-- Dataset excerpts follows --

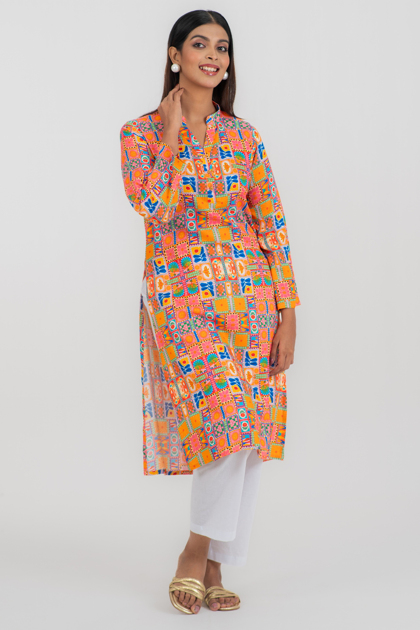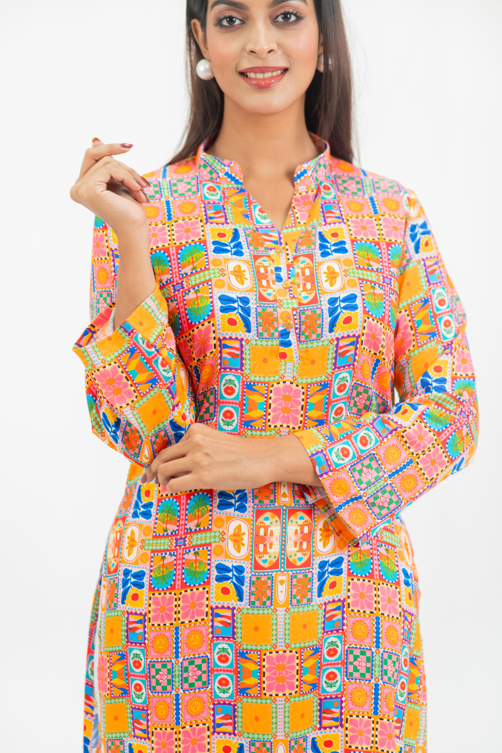 Fit: Regular Fit | Neat, Easy fit Technique: Digital Printed | Mid-length hem Description: Long tunic with the perfect mix of relaxed and modern. Model is wearing size S.
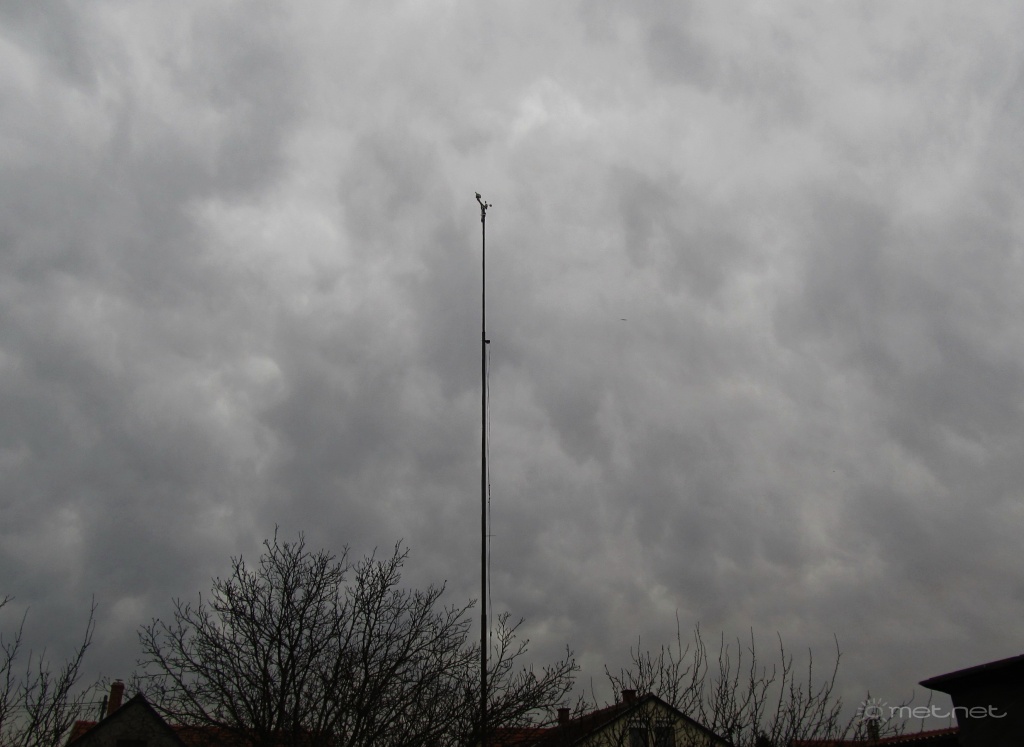 | Leírás: Altocumulus opacus mamma ( Ac op mam) Középszintû gomolyfelhõ (párnafelhõ) átlátszatlan (árnyékos, vastag sûrû), felhõdudorokkal (kebel) |
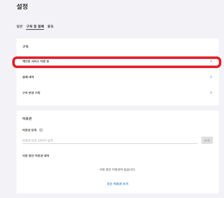 그러면 아래 화면으로 바뀌는데 박스에 있는 개인용 서비스 이용 중을 선택을 하세요
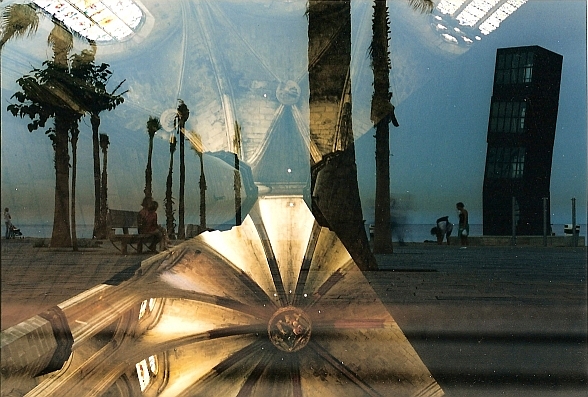 Eenmaal ontwikkeld bleek mijn experiment mislukt: een andere foto was over het beeld geschoven. De ranke pilaren wezen nu behalve naar het dak van de basiliek ook naar de zee langs het strand van Barceloneta. Een vingerwijzing van de Vrouwe der Zee? En wat wilde ze me dan zeggen?
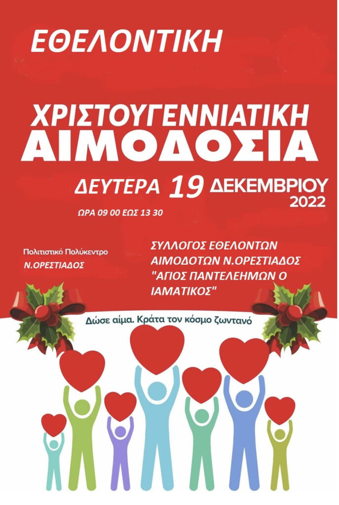 Η Χριστουγεννιάτικη Αιμοδοσία του Συλλόγου Εθελοντών Αιμοδοτών Ν. Ορεστιάδας “Άγιος Παντελεήμων ο Ιαματικός” θα πραγματοποιηθεί τη Δευτέρα 19 Δεκεμβρίου και ώρες 09:00-13:30 στο Πολιτιστικό Πολύκεντρο τη ΔΗ.Κ.Ε.Π.Α.Ο., με ευχές από το Σύλλογο για “Καλά Χριστούγεννα & Καλή χρόνια”!
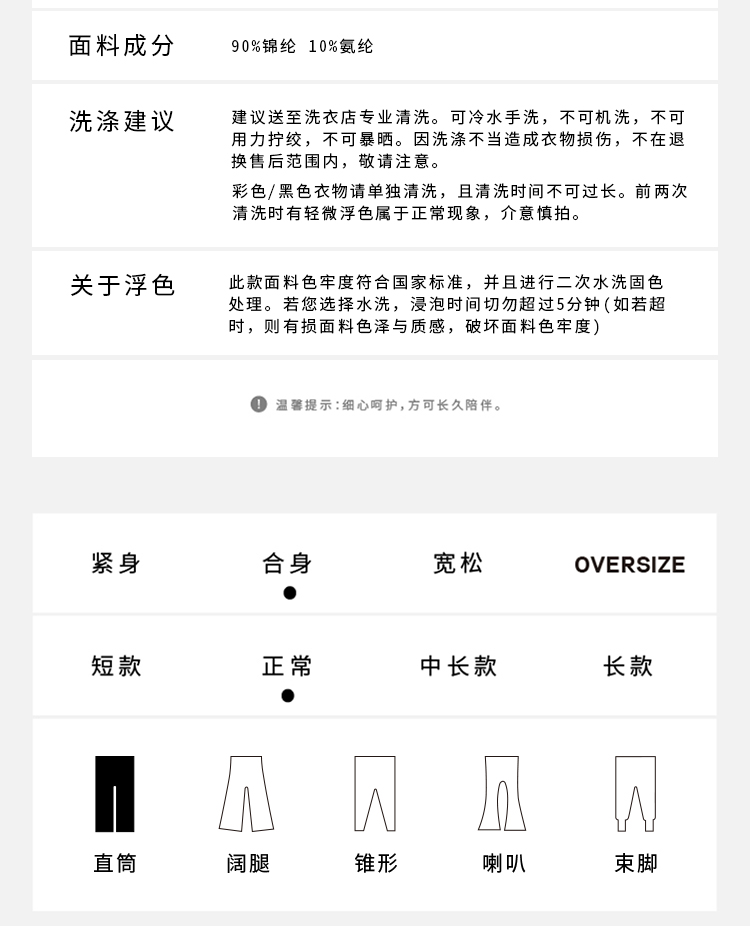 HIDEMI 弹力收身显瘦微喇九分神裤西裤 黑色/白色/卡其

-- Dataset excerpts concluded --

### Directions:
Could the stretch from the line with "그러면 아래 화면으로" through the line with "Eenmaal ontwikkeld bleek" in the listing above be restated word for word, minus the pictures?

### Task output:
 그러면 아래 화면으로 바뀌는데 박스에 있는 개인용 서비스 이용 중을 선택을 하세요
 Eenmaal ontwikkeld bleek mijn experiment mislukt: een andere foto was over het beeld geschoven. De ranke pilaren wezen nu behalve naar het dak van de basiliek ook naar de zee langs het strand van Barceloneta. Een vingerwijzing van de Vrouwe der Zee? En wat wilde ze me dan zeggen?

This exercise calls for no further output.